Nevertheless, the Bush administration and its allies in Congress and the conservative media showed great enthusiasm for prosecuting Lichtblau and his co-author James Risen, as well as NSA whistle-blower Thomas Tamm.
(Risen would later be subpoenaed over his reporting on the Iranian nuclear program.) After the revelations about the NSA program by the New York Times on December 16, 2005, President Bush three days later raged about what he deemed "a shameful act" that is "helping the enemy". Claiming he didn't order an investigation, Bush added "the Justice Department, I presume, will proceed forward with a full investigation" At a subsequent press conference that same day, Attorney General Alberto Gonzales suggested the retribution that was to come:
"As to whether or not there will be a leak investigation, as the President indicated, this is really hurting national security, this has really hurt our country, and we are concerned that a very valuable tool has been compromised. As to whether or not there will be a leak investigation, we'll just have to wait and see."
Leading the charge in the right-wing echo chamber has been Gabriel Schoenfeld, then editor of Commentary and later an adviser to Mitt Romney. On June 6, 2006, Schoenfeld appeared before the Senate Judiciary Committee to claim that the New York Times violated federal criminal statutes, if not the Espionage Act of 1917 by publishing its delayed story about NSA domestic surveillance. One month later on July 3, he laid out his case in the Weekly Standard, approvingly citing Gonzales' veiled threats towards the New York Times:
"There are some statutes on the books, which, if you read the language carefully, would seem to indicate that that is a possibility."
After news of the FBI's raid on Tamm's home in the summer of 2007, Schoenfeld again called for the scalps of Risen and Lichtblau:
"With the investigation making progress, the possibility remains that even if the New York Times is not indicted, its reporters - James Risen and Eric Lichtblau - might be called before the grand jury and asked to confirm under oath that Tamm, or some other suspect, was their source. That is what happened to a whole battalion of journalists in the investigation of Scooter Libby in the Valerie Plame fiasco.
If Risen and Lichtblau promised their source confidentiality, they might choose not to testify. That would potentially place them, like Judith Miller in the Libby investigation, in contempt of court and even land them in prison."
That didn't happen. As for Tamm, the DOJ dropped its investigation in 2011. But while President Bush may be gone, President Obama to the great consternation of many supporters and civil libertarians alike has pursued an even more adversarial posture towards press reporting of national security stories. As the New York Times editorial board lamented this week:
The Obama administration has indicted six current and former officials under the Espionage Act, which had previously been used only three times since it was enacted in 1917. One, a former C.I.A. officer, pleaded guilty under another law for revealing the name of an agent who participated in the torture of a terrorist suspect.
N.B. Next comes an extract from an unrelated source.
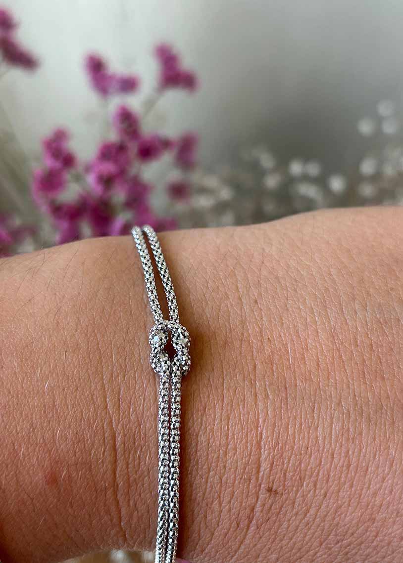 Nodo White è un braccialetto distintivo caratterizzato da un nodo che simboleggia legami profondi di affetto, unione e amicizia. La sua finitura in galvanica rodio conferisce al gioiello un’eleganza duratura e una resistenza superiore, ideale per chi desidera un accessorio prezioso dal valore simbolico.

Meanwhile, President Obama decided not to investigate, much less prosecute, anyone who actually did the torturing.
And that should make John Cornyn and his Republican friends in Congress very happy, indeed. After all, Cornyn threatened to block Attorney General Eric Holder's nomination over the torture issue. Besides, when it comes to reporters in particular and American citizens in general, Cornyn insists, "None of your civil liberties matter much after you're dead."